Your instructions: The reply should be an exact repeat of the listing, with no pictures in it.

Supplied data:
>>>

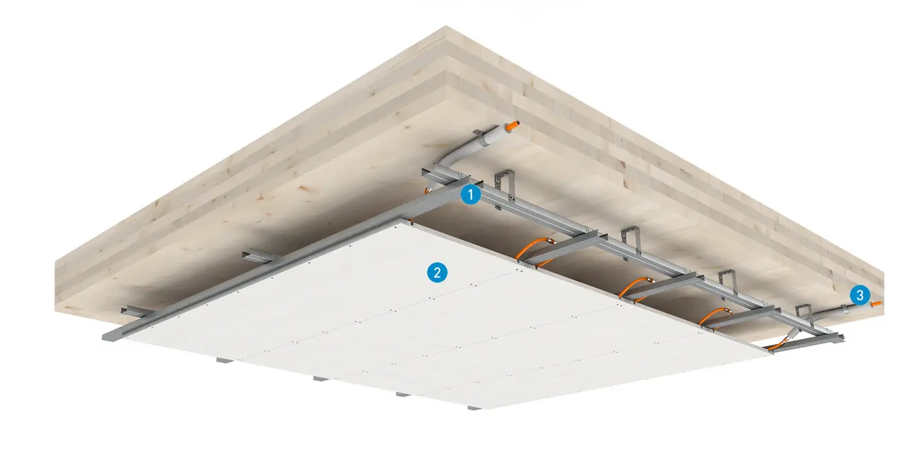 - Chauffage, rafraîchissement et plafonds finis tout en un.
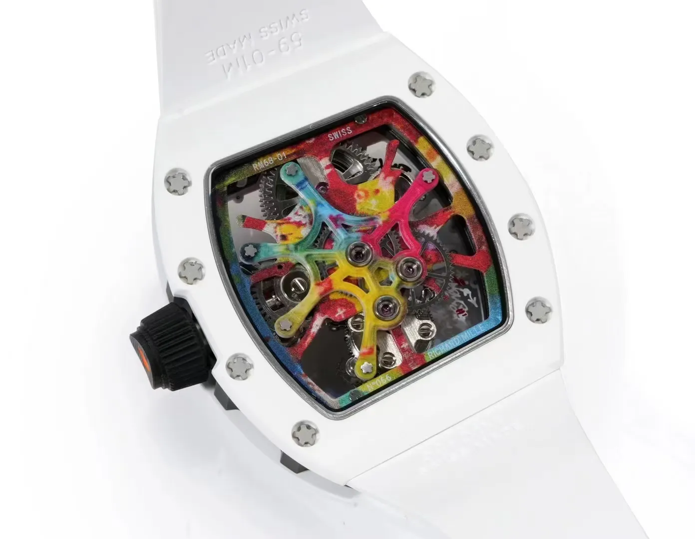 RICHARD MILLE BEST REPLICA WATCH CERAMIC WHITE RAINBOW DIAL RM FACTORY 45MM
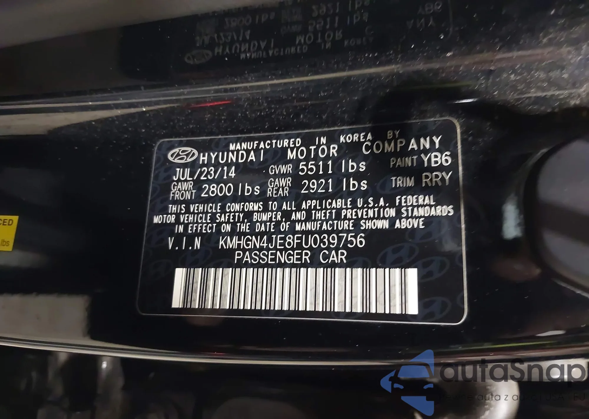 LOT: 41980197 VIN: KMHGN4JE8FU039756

<<<

Written solution:
 - Chauffage, rafraîchissement et plafonds finis tout en un.
 RICHARD MILLE BEST REPLICA WATCH CERAMIC WHITE RAINBOW DIAL RM FACTORY 45MM
 LOT: 41980197 VIN: KMHGN4JE8FU039756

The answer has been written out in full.